Project

The etsh project is hereby dedicated to the individuals at Bell Labs who started the UNIX ball rolling in 1969.

The objective of the etsh project is to honor our shared computing history by maintaining two different ports of the original sh(1) as it appeared in Version 6 (V6) UNIX. One of the ports, etsh, contains enhancements to make it usable as an interactive login shell while also remaining backward compatible. The other port, tsh, simply provides a backward-compatible user interface without any obvious enhancements. In addition, the shell utilities necessary for globbing and flow control in shell scripts (aka command files) are also included.

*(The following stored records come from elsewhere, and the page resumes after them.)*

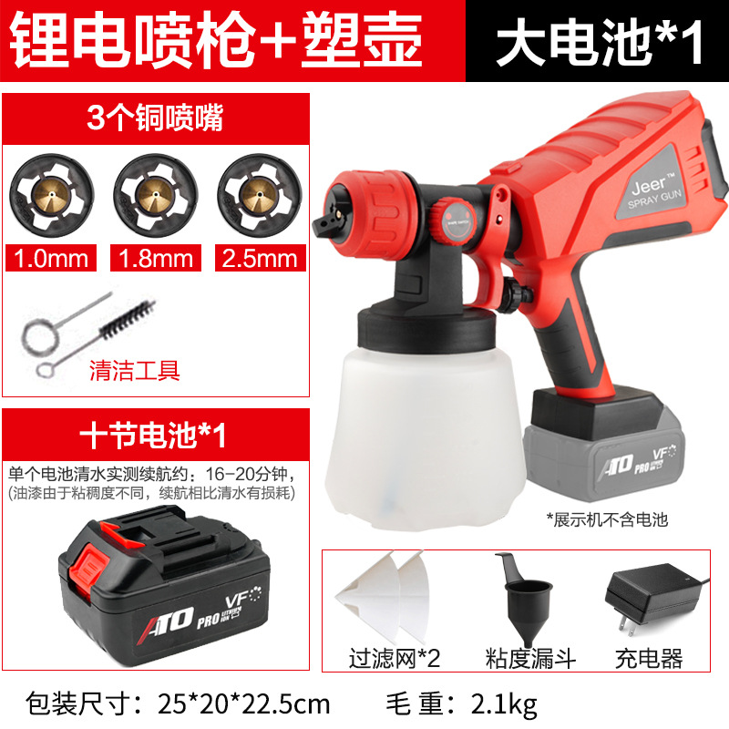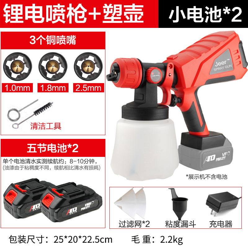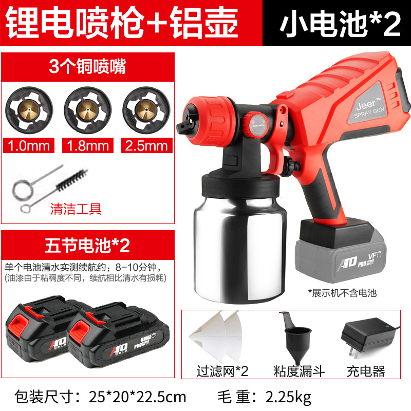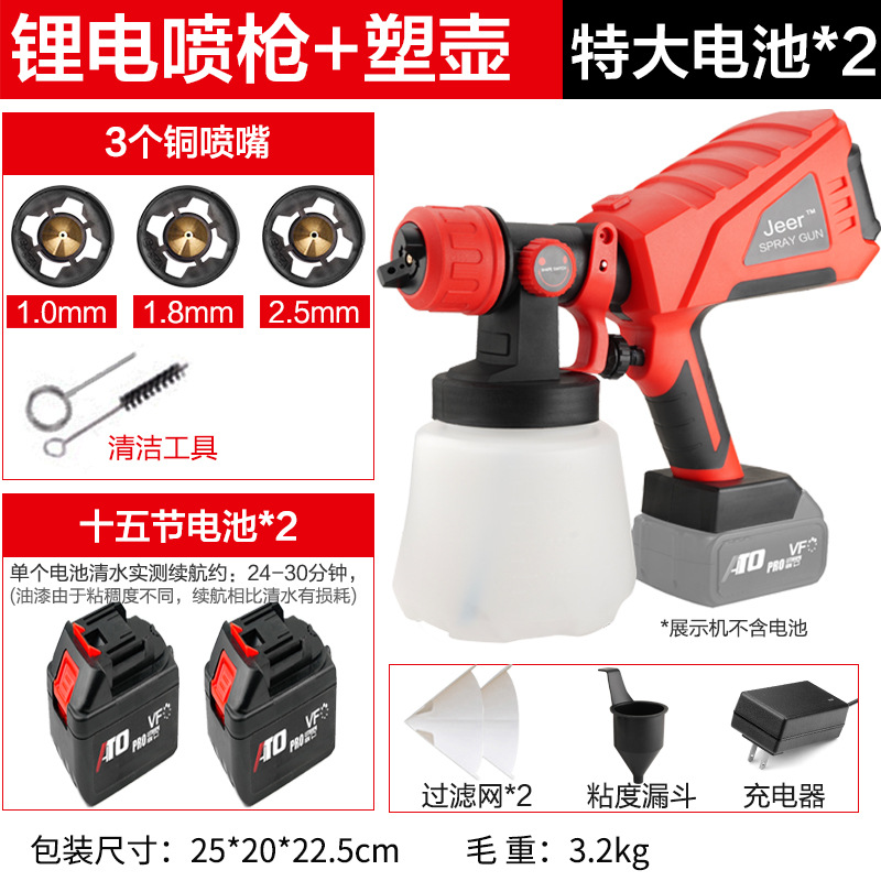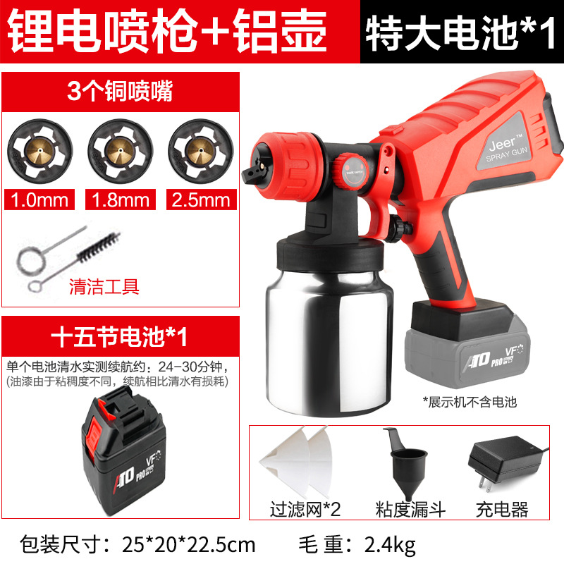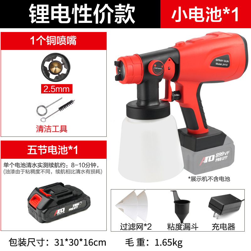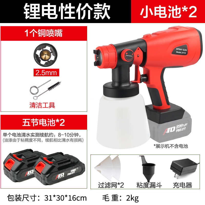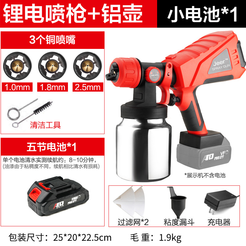 - Specifications: Type A - industrial grade lithium battery (small battery, 2 batteries, 1 charger + plastic pot + 3 all-copper nozzles)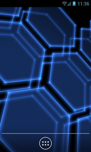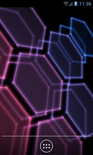 This live wallpaper displays a 3D grid of glowing, subtly pulsing hexagons. Select any color you like, or a mixture of two colors! Touch to make the hexagons tilt or glow.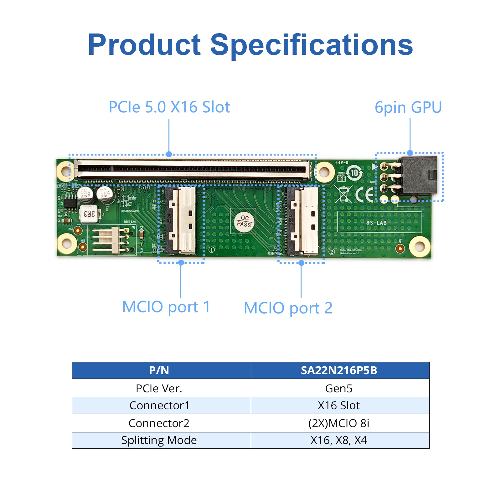 ● Support X4, X8, X16 Splitting modes, PCIe X4/X8 mode, please connect to MCIO Port 1, need the motherboard or BIOS bifurcation to X4 or X8 mode.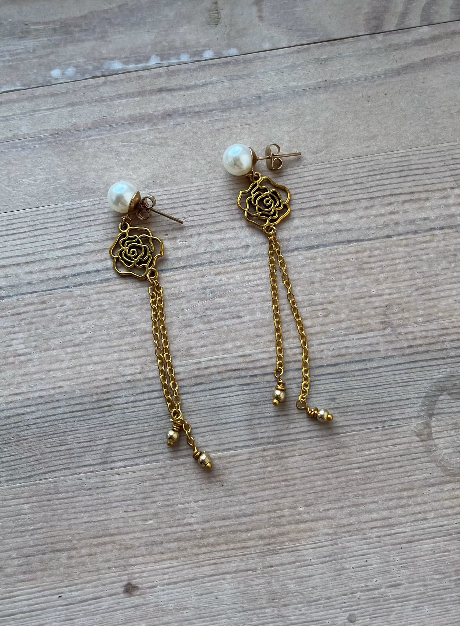 Fra rosen hænger to slanke kæder, der tilføjer bevægelse og elegance til øreringene, og som ender med små dekorative elementer.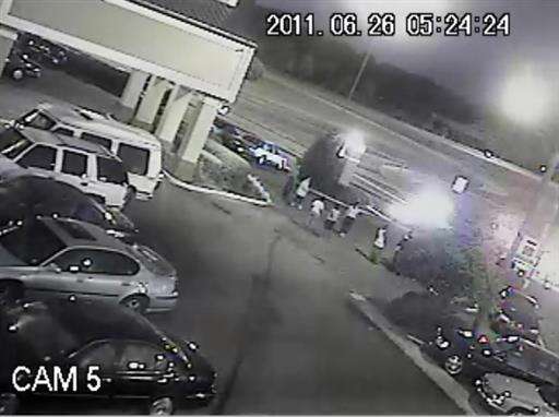 FILE - In this June 26, 2011 image made from security surveillance video, people gather in a parking lot next to the Jackson, Miss., street where James Craig Anderson, a 49-year-old black man was allegedly run down by a pickup truck driven by Deryl Dedmon, a white teen. Jackson Police did not file any hate crimes information to the FBI between 2009 and 2012, followed by only spotty reporting the next two years. And yet, during that time, state and federal charges were filed in connection with the June 2011 death of Anderson, who was beaten and run over by a truck containing a group of white teenagers, some of whom yelled racial epithets during the assault. (AP Photo)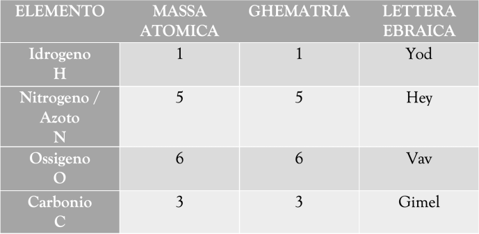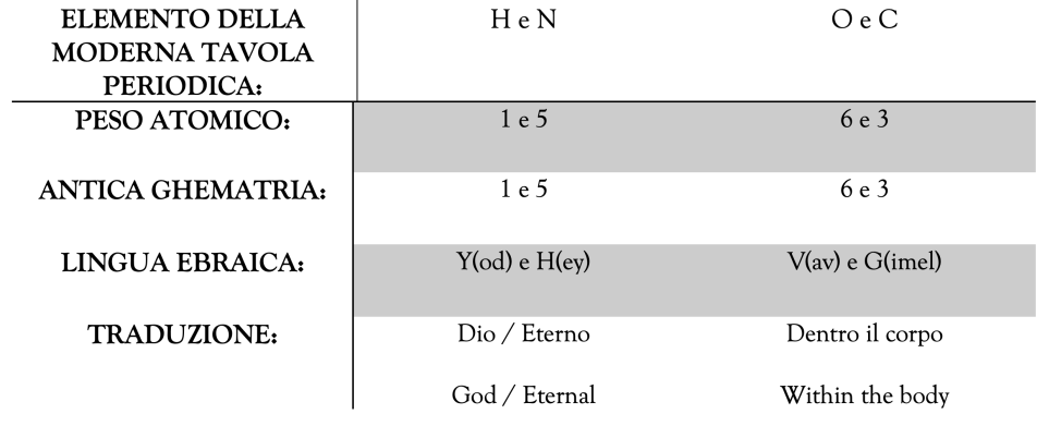 Oggi sappiamo che la MASSA ATOMICA degli ELEMENTI (i numeretti in apice nella tavola periodica) è indicata da NUMERI CHE CORRISPONDONO AI MISTERIOSI NUMERI RITROVATI NEI TESTI ANTICHI.

The etsh project should build successfully on any POSIX-compliant UNIX system. It builds successfully on DragonFly BSD, FreeBSD, Mac OS X, NetBSD, OpenBSD, OpenIndiana (Supported? Yes!!), and a variety of GNU/Linux systems at the time of the latest release.

Developer

I, Jeffrey Allen Neitzel, have been the principal developer and maintainer of the etsh project since July 2003. Also, see the AUTHORS file for further information about the origins of this software.

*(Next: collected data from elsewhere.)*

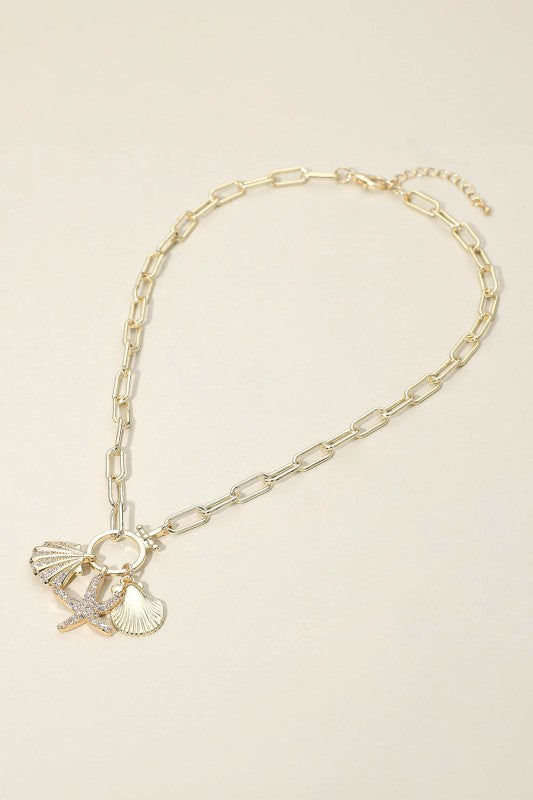 Bring a touch of seaside elegance to your style with this chain-link necklace featuring a trio of coastal-inspired charms, including a shimmering star detail and two sculpted shell accents. Its playful yet refined design adds personality and shine to both everyday looks and vacation-ready outfits.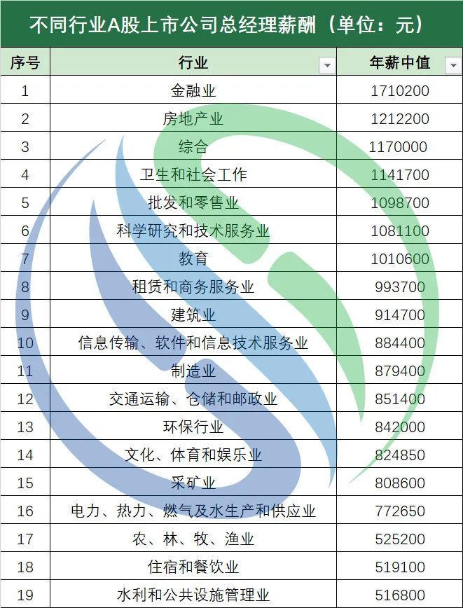 先來看看環(huán)保行業(yè)在全部A股上市公司中的排行,根據(jù)中國(guó)水網(wǎng)對(duì)A股126家環(huán)保上市公司總經(jīng)理年薪的計(jì)算結(jié)果來看,環(huán)保上市公司總經(jīng)理平均年薪約為103.18萬元,在19個(gè)行業(yè)中排第15名,可以說排名在下游圈徘徊??偨?jīng)理年薪最接近環(huán)保行業(yè)總經(jīng)理平均年薪的企業(yè)是一家主營(yíng)業(yè)務(wù)為節(jié)能環(huán)保材料的企業(yè)。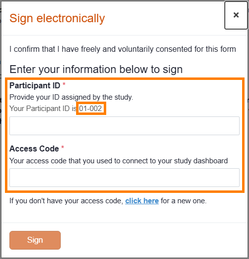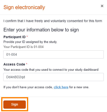 After the participant enters their Participant ID and access code, they will click Sign. The Sign button becomes clickable only after both the Participant ID and access code have been entered.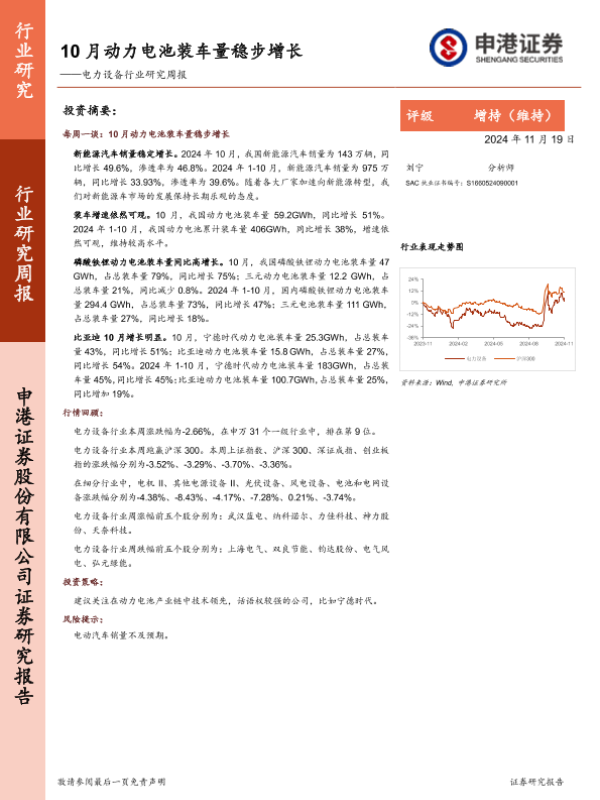 【申港证券】【20241119】10月动力电池装车量稳步增长——电力设备行业研究周报-10页 行业研究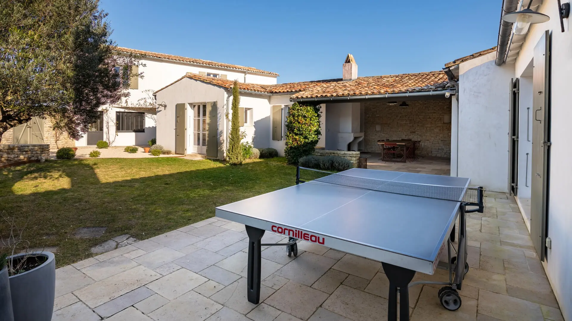 El espacio exterior, completamente remodelado, es una agradable sorpresa, con una piscina climatizada de 11x3 con una cubierta rígida para mayor tranquilidad y un pequeño patio para protegerse del calor del día. Estos dos espacios exteriores permiten a todos disfrutar de momentos de relax, uno alrededor de la piscina y otro junto a las habitaciones, donde podrá practicar su revés en una partida de ping-pong. Bajo el porche, el comedor de verano será el lugar ideal para las comidas en familia.

I have been using some type of UNIX-like system for my daily computing needs since at least 1999, always using open-source systems whenever possible. Granted, I did use Mac OS X as my main system between 2005 and 2016 even though it is not completely open source. Today though, I am a happy OpenBSD user yet again. Thus, today, I do virtually all of my coding on a combination of OpenBSD, NetBSD, and GNU/Linux for this and a variety of other reasons.

For anyone who may be curious, I am a member of humanity who lives on a little planet called Earth. See my for further information about this particular Earthling (and what I do & think about when not working on etsh) if you like.

Acknowledgments

I wish to thank Dennis Ritchie, Ken Thompson, Gunnar Ritter, and the individuals at The UNIX Heritage Society (TUHS), without whose previous work, the etsh project would not exist.